*EXERCISE DATA:*
Content starts

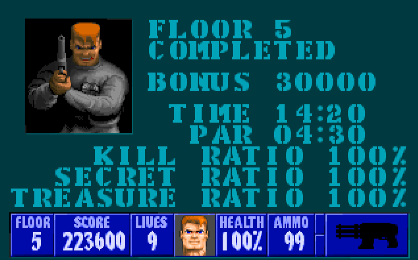 Одолев все шесть эпизодов оригинального Wolfenstein 3D, хочу заверить, что до сих пор, спустя уже кучу лет, всё ещё интересно играть и проходить. Раньше мне прохождение не давалось. Я застревал на каком-то уровне с дико сложным лабиринтом и забрасывал игру. Пройдя же сейчас, могу сказать, что игра в меру сложна, и на этот раз всё проходилось довольно просто.
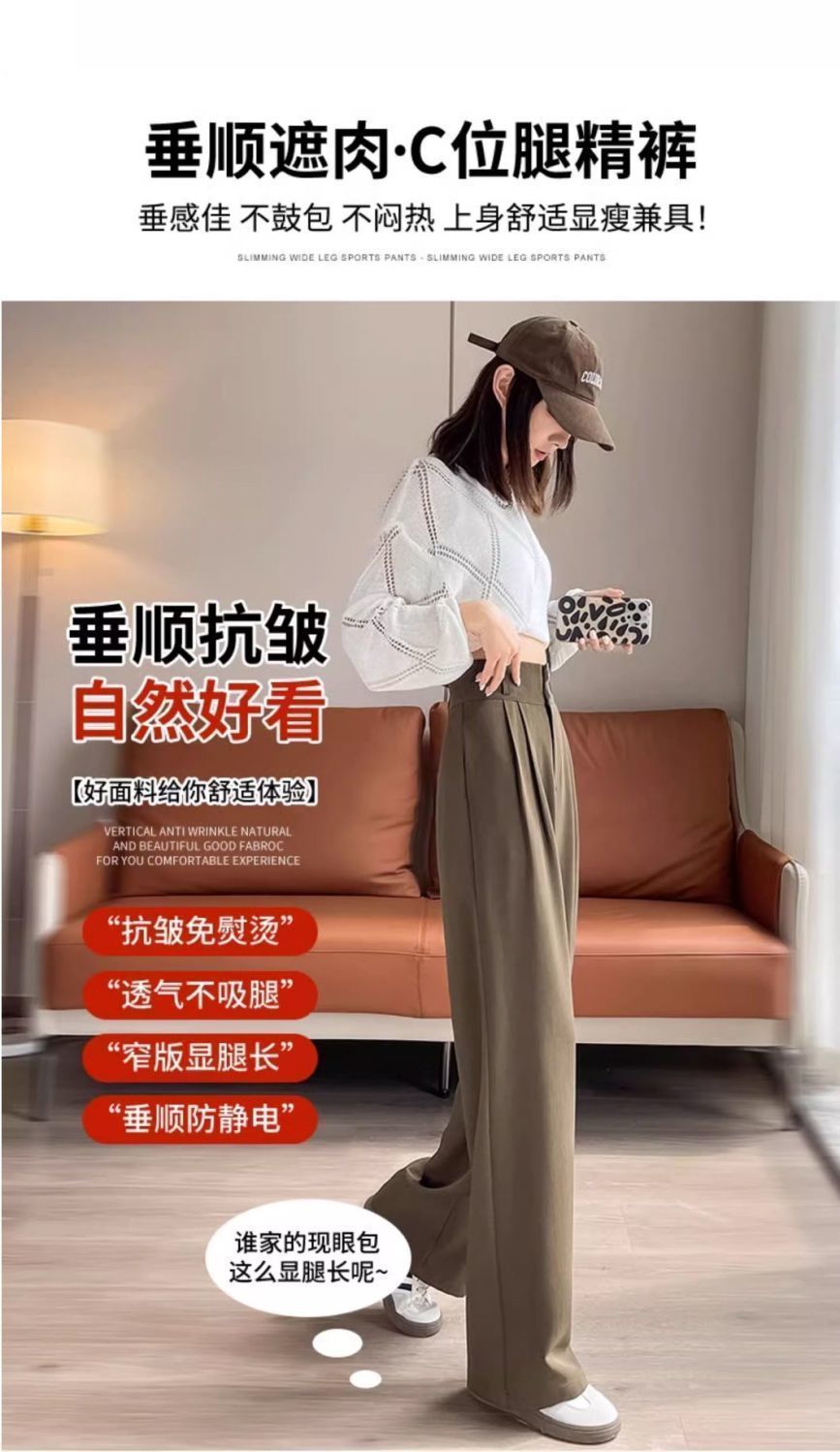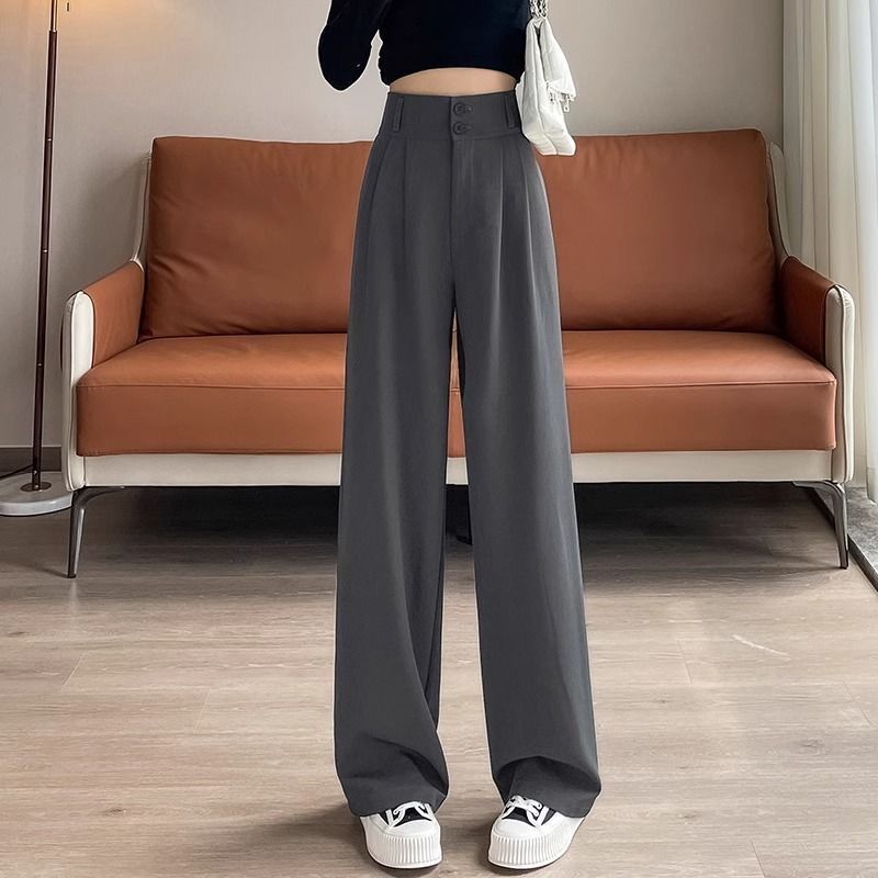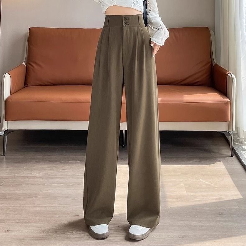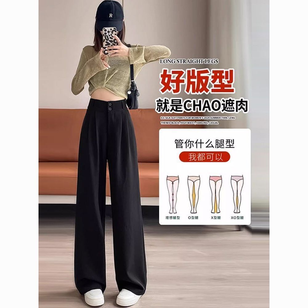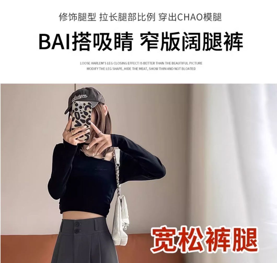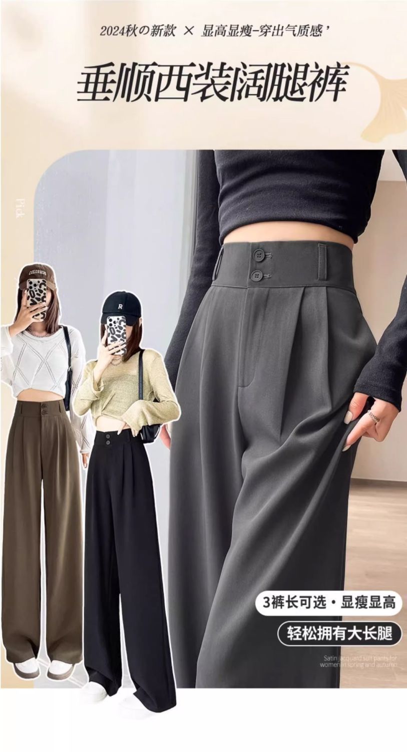 加绒加厚黑色西装裤子女秋冬款2024新款直筒小个子显瘦窄版阔腿裤
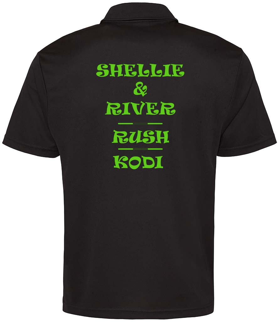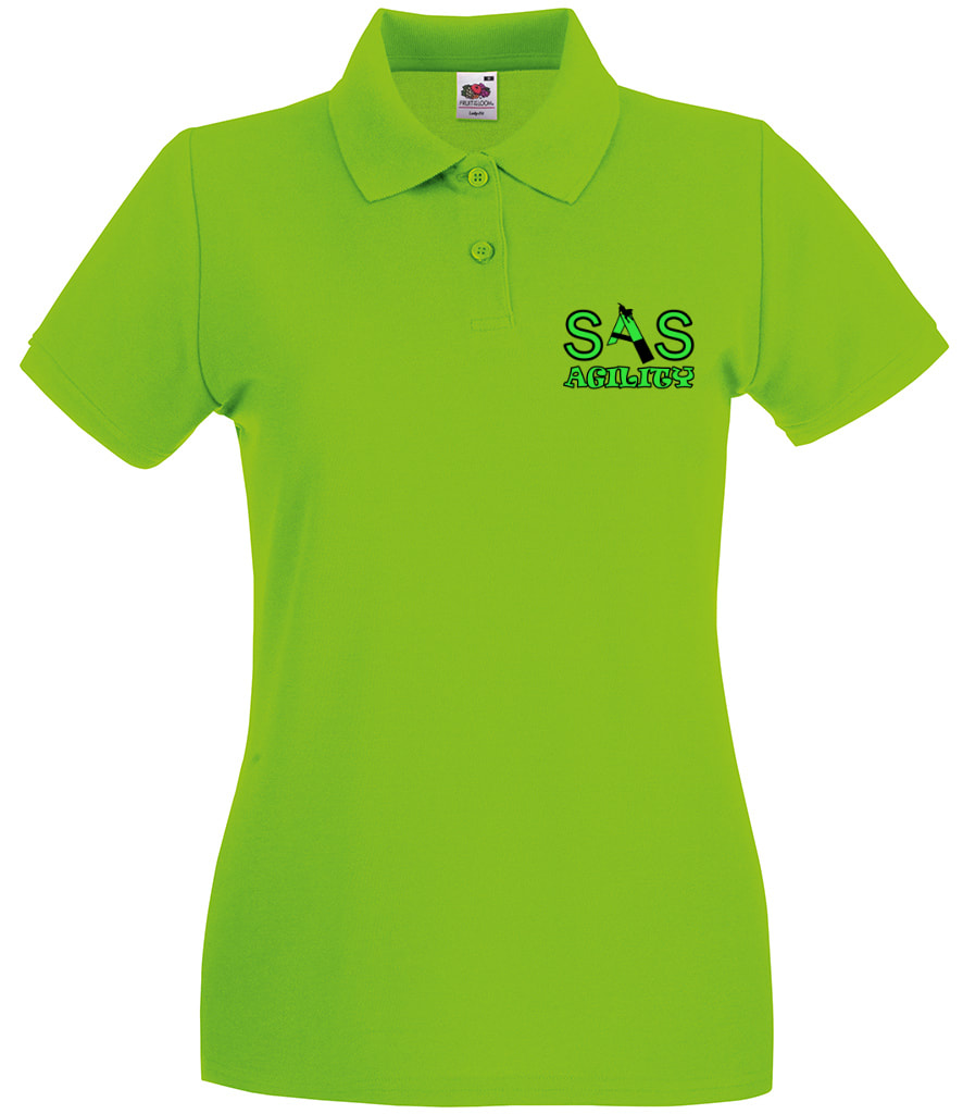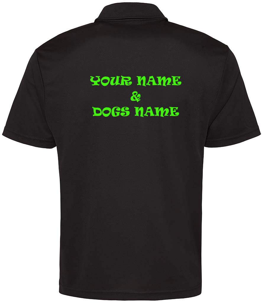 SAS Agility Kids Polo Top in Black or Green. You have the option of adding your name and that of your dog(s) on the back.

Content ends

*TASK DETAILS:*
Return the whole listing word for word, minus its pictures.

*WRITTEN RESPONSE:*
 Одолев все шесть эпизодов оригинального Wolfenstein 3D, хочу заверить, что до сих пор, спустя уже кучу лет, всё ещё интересно играть и проходить. Раньше мне прохождение не давалось. Я застревал на каком-то уровне с дико сложным лабиринтом и забрасывал игру. Пройдя же сейчас, могу сказать, что игра в меру сложна, и на этот раз всё проходилось довольно просто.
 加绒加厚黑色西装裤子女秋冬款2024新款直筒小个子显瘦窄版阔腿裤
 SAS Agility Kids Polo Top in Black or Green. You have the option of adding your name and that of your dog(s) on the back.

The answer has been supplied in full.